Theatricality Dominates To The Detriment Of Experience At This Afternoon Tea

Theatre Not Afternoon Tea at Oxo Tower Brasserie ★★☆☆☆

Laura Reynolds
By Laura Reynolds Last edited 70 months ago
Theatricality Dominates To The Detriment Of Experience At This Afternoon Tea Theatre Not Afternoon Tea at Oxo Tower Brasserie 2

The savoury elements of afternoon tea are things that we don't appreciate until they're not there — then, it turns out, we miss them. We really miss them.

The fair warning is there; Oxo Tower's Not Afternoon Tea is billed as an alternative to afternoon tea. Focus is very much on the sweet treats and the booze, and that goes for the new theatrical version too.

Scones and sandwiches don't feature at all, so we leap right in with a sour cherry and bergamot-filled skull and a goblet of Hamlet’s poison — a pear cider based cocktail. The piquant cherry mousse is the perfect palatte cleanser for whats's to come.

The sweet treats are beautifully presented.

Next, we're served a quartet of cakes, each one pertaining to the theme of a different musical in London. The towering witch's hat (Wicked) is a minty feat of culinary architecture, while the fruity lion's face (Lion King) is almost too cute to cut into. Each cake is tasty, but the chocolate and honey cake which represents Matilda is — although not a looker — by far the most moreish of the lot.

As well as being enjoyable to eat, the presentation is absolutely on point, but by halfway through, this doesn't matter any more. Each cake, you see, is paired with a cocktail which is served alongside it, leaving us seeing double. Creme de menthe, gin, brandy and various other booze-based tipples mix in our inadequately-lined stomachs (scones and sandwiches would have helped here...) until we're begging for the teetotal tea and biscuits course to be brought out.

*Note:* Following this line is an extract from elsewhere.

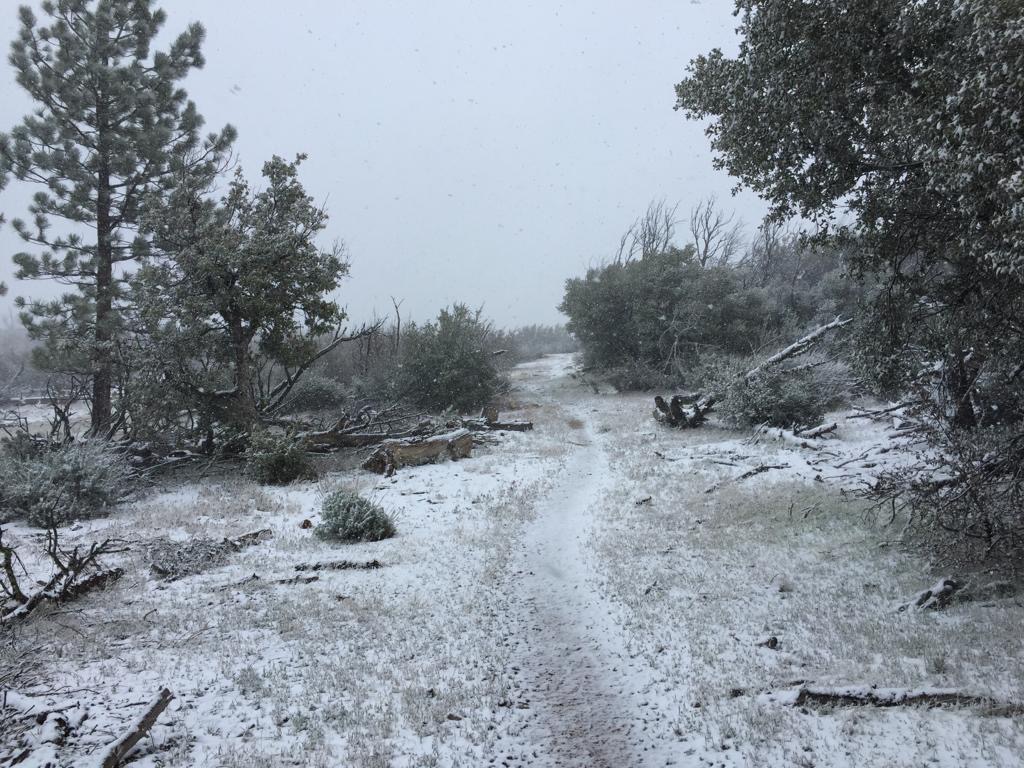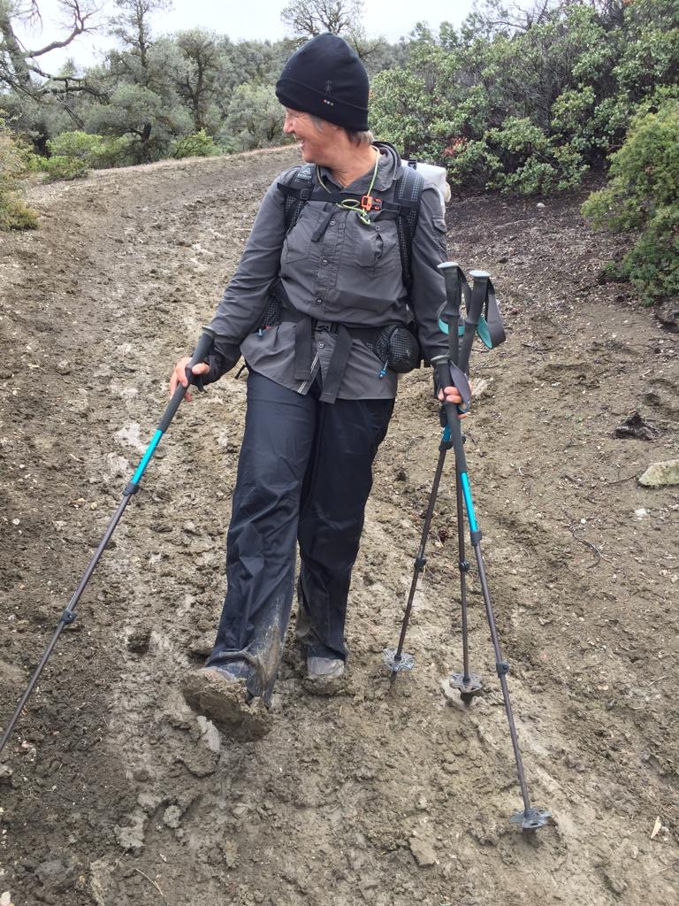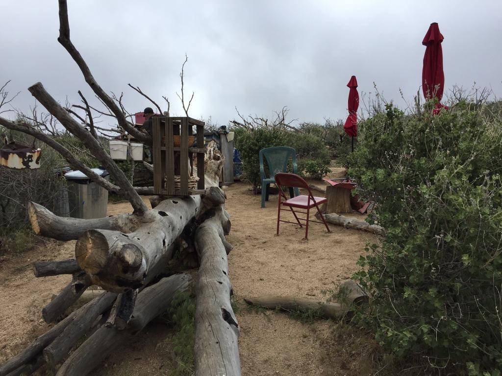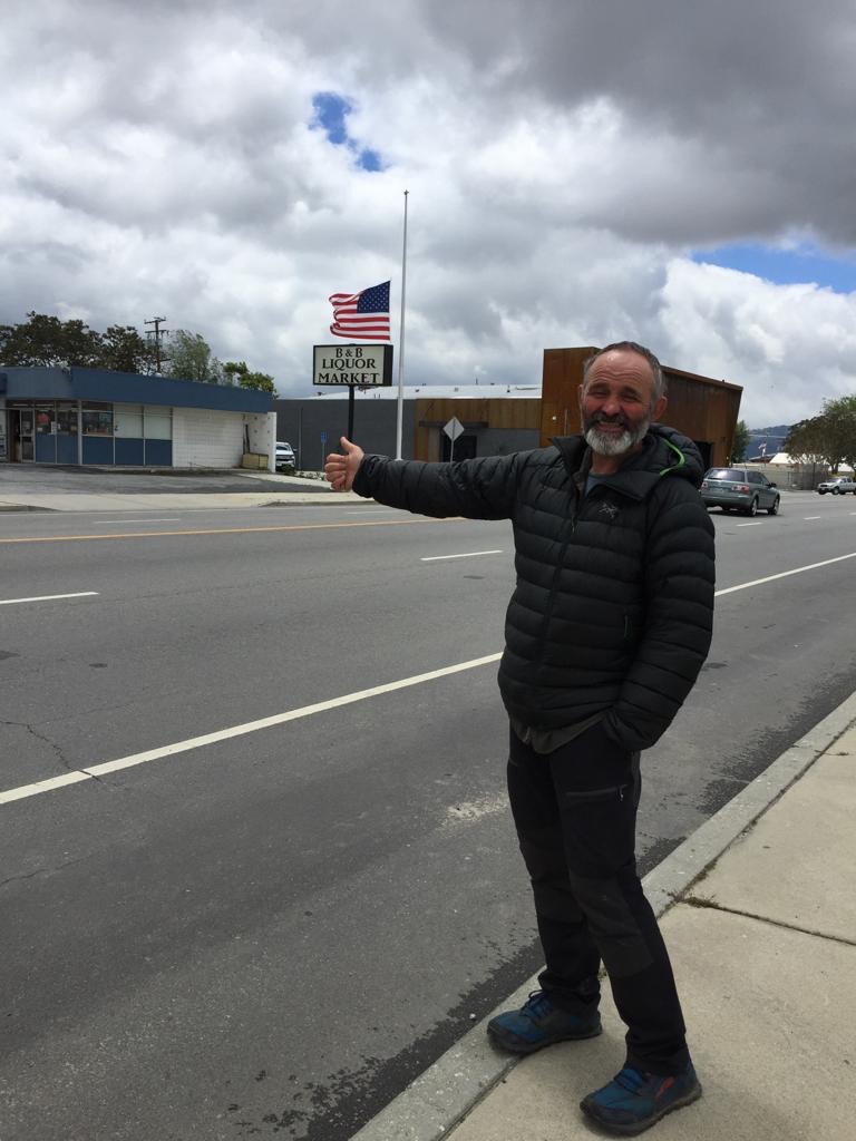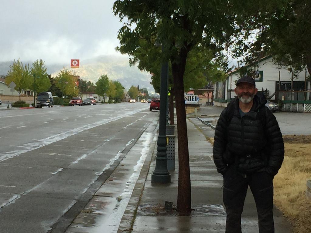Es regnet auch heute und nicht wenig. Wir gehen um 8 Uhr in die Bäckerei, die ist einfach super, feine Sachen zum essen und immer Leute im Café zum reden. Wir setzen uns an einen Tisch und kommen gleich mit einer Frau ins Gespräch, die in Kanada lebt und hier in Kalifornien zum wandern ist, wegen dem guten Wetter, das finden wir lustig! Als wir ihr erzählen, dass wir heute zurück auf den Weg gehen, organisiert sie uns gleich einen Fahrer, der uns zum PCT fährt – der Tag beginnt ja gut. Nach dem Kaffee fährt uns dann ein älterer Herr zum Weg beim Highway 58, es sind etwa 14 Meilen dahin, er freut sich die Hiker zu fahren, das ist für ihn Abwechslung.

The biscuits are stashed in our bags for later, and the waiter brings out the final hurrah, a box of chocolates to take home, each individual chocolate themed for another musical. It's a memorable touch to end the experience on, showing the level of thought that has gone into planning it.

We consider ourselves to have the most saccharine of sweet teeth, and even we find this meal too sugary. By the time we're retrieving our coats from the cloakroom, the fancy jars of pork crackling being peddled on the bar for £5 a pop are a thoroughly tempting way to get some salt back in our bloodstream.

The alcohol is also too much. The crux of the problem is that whoever designed the tea got carried away with the theatricality of it all, without stopping to think about the effects on those eating it. Individually, the components work, but all served together, it's overkill.

We're used to leaving afternoon tea servings feeling full, but booze-addled and sugar-soaked is a new one for us, and is proof that you can have too much of a good thing. Good looking it may be — Instagrammers will love it — but this Not Afternoon Tea isn't one for traditionalists, or those who value their teeth or liver.

Theatre Not Afternoon Tea at Oxo Tower Brasserie, £38 per person (£18 for children).